REQUIREMENT -
Where the entries below show "PRINCESS BRIDE Lace", begin there and print that line and all following lines exactly, through the last, omitting pictures.

EXERCISE DATA -
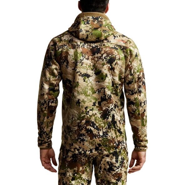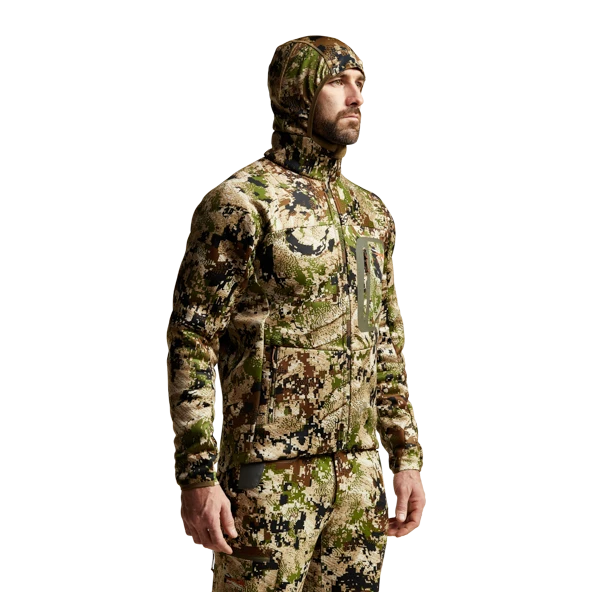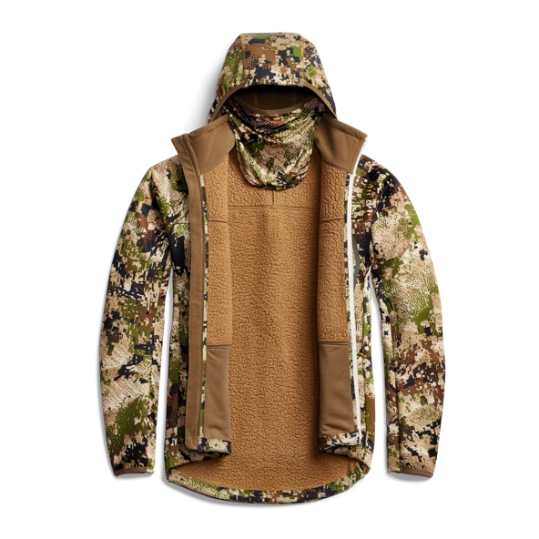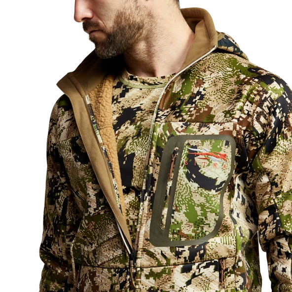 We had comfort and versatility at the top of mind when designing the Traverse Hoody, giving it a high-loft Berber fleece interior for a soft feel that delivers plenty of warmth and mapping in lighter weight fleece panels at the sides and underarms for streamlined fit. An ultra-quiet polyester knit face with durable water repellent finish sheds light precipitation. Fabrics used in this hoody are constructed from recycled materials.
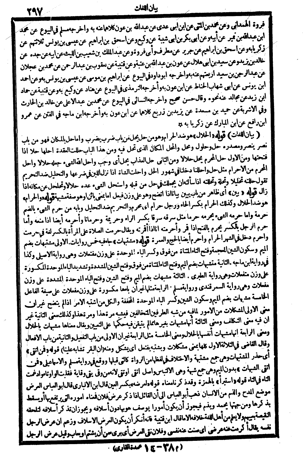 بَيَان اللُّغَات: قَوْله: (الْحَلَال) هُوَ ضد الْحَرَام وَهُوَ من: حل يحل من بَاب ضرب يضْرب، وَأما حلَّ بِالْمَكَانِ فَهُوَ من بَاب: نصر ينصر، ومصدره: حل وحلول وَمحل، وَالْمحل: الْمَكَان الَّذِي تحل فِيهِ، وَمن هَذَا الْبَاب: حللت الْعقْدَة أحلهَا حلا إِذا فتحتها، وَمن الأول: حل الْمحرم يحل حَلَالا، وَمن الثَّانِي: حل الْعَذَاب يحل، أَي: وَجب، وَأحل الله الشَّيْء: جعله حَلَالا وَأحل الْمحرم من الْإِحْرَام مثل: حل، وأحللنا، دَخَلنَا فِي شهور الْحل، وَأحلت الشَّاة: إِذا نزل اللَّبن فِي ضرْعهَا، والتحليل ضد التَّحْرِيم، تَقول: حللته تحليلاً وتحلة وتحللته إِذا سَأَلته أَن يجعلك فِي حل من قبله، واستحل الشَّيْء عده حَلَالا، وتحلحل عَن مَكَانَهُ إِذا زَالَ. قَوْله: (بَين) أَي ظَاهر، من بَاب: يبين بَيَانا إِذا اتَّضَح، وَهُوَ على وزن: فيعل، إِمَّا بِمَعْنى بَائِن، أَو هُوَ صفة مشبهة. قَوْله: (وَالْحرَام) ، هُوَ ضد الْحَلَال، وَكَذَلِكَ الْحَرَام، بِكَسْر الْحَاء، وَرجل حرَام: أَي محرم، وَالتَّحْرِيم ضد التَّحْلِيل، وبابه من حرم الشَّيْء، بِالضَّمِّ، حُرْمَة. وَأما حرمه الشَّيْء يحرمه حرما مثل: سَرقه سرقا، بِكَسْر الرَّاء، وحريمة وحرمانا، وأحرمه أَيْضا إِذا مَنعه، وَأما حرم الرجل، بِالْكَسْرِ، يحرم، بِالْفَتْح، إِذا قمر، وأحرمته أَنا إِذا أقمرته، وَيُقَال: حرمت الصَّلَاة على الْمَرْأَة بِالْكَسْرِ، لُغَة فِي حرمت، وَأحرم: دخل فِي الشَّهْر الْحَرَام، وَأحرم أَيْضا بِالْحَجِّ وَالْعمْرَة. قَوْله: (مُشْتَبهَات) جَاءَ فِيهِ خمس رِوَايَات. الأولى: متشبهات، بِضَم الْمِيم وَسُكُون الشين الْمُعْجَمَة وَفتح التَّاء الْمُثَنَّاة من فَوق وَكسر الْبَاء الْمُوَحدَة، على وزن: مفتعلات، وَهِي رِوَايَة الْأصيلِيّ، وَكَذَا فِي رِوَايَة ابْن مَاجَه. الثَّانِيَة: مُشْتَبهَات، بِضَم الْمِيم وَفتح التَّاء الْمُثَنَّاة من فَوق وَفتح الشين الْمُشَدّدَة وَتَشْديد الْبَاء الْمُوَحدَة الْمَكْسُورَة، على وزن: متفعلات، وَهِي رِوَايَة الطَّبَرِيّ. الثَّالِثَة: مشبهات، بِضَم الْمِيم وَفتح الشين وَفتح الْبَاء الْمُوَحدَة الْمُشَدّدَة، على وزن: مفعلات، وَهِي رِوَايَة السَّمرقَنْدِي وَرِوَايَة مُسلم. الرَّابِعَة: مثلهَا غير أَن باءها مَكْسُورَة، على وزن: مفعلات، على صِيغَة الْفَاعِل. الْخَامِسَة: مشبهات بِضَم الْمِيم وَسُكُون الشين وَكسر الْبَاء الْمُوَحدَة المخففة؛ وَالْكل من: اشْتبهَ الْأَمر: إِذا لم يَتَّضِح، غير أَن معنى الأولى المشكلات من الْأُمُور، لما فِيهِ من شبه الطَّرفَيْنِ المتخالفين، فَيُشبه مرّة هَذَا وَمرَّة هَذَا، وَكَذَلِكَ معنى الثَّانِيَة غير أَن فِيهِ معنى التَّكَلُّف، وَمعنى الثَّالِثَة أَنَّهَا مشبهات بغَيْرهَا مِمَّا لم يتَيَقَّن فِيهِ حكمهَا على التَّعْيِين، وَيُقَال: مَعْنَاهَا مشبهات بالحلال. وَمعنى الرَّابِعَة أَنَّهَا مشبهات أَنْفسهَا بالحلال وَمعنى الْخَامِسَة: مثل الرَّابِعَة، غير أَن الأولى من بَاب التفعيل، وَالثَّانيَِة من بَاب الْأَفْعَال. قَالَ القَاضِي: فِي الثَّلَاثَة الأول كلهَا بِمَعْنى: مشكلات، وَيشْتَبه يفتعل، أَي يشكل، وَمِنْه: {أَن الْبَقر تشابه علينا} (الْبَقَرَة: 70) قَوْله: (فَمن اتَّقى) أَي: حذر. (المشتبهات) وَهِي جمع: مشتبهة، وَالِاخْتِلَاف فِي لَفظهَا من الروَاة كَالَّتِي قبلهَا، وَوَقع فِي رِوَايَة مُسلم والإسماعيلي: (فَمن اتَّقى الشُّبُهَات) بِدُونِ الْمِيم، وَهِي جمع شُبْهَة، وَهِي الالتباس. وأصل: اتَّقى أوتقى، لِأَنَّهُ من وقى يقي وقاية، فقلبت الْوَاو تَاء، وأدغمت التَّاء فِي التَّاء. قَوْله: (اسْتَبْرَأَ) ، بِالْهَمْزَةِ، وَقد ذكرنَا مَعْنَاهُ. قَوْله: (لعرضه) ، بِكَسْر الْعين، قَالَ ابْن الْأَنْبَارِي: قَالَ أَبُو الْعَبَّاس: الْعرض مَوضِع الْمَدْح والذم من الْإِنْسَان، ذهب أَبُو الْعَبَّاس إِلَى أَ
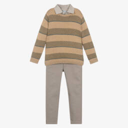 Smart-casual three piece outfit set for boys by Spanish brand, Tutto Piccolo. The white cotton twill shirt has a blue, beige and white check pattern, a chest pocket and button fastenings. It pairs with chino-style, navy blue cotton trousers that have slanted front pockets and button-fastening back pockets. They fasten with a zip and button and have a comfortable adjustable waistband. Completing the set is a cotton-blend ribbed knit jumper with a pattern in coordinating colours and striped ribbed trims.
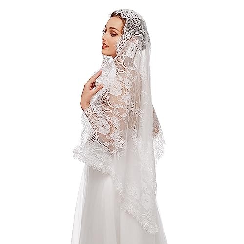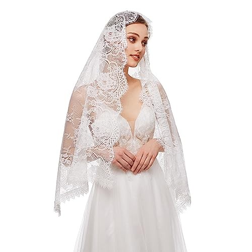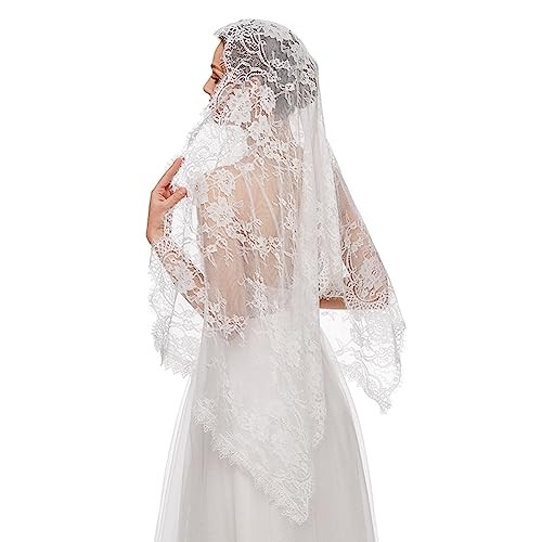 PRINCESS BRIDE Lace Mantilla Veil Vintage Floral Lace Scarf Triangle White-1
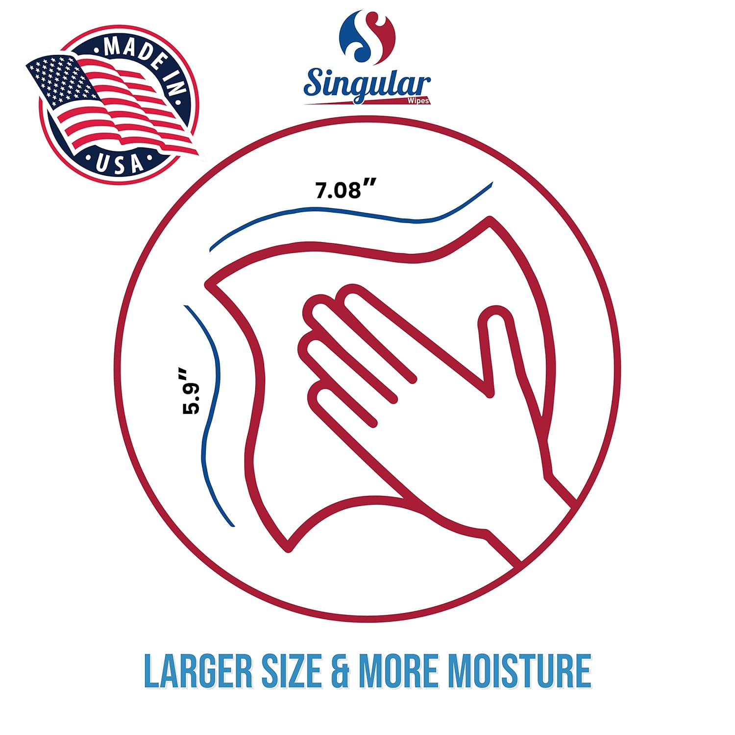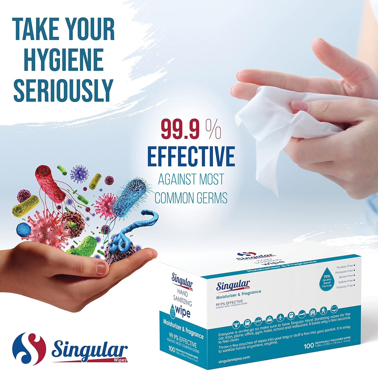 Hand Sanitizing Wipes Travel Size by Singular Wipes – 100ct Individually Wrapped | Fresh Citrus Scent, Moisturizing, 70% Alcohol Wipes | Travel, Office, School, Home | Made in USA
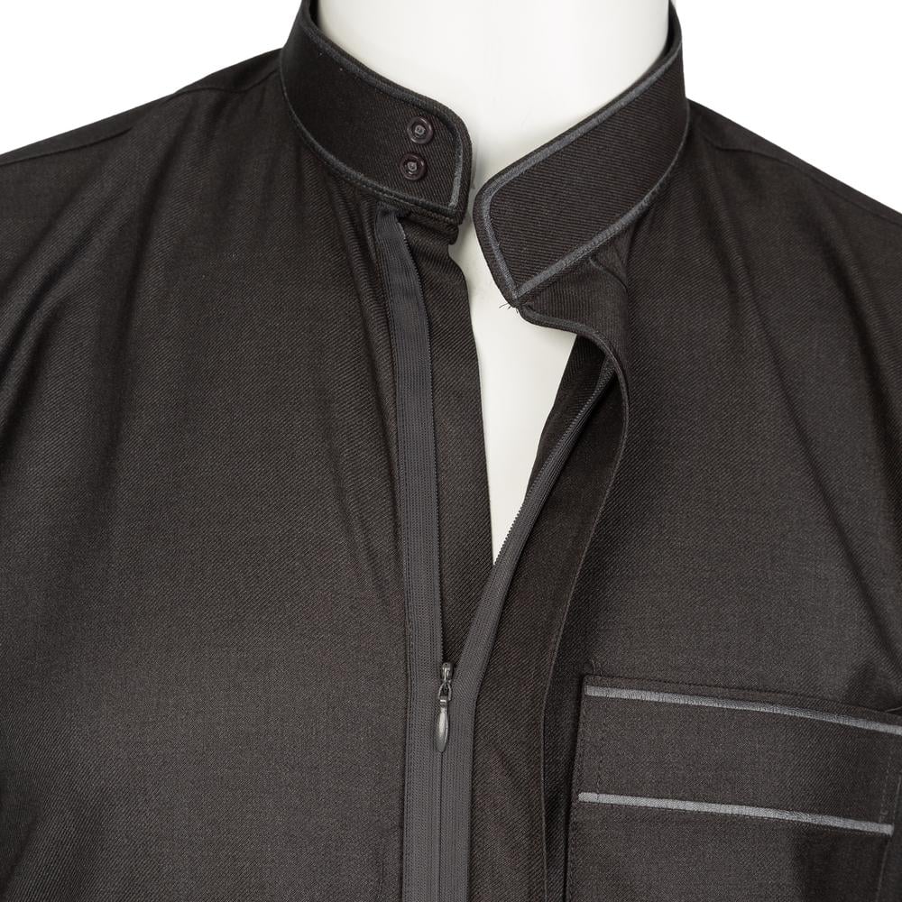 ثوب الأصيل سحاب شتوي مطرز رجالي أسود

EXPECTED OUTPUT -
 PRINCESS BRIDE Lace Mantilla Veil Vintage Floral Lace Scarf Triangle White-1
 Hand Sanitizing Wipes Travel Size by Singular Wipes – 100ct Individually Wrapped | Fresh Citrus Scent, Moisturizing, 70% Alcohol Wipes | Travel, Office, School, Home | Made in USA
 ثوب الأصيل سحاب شتوي مطرز رجالي أسود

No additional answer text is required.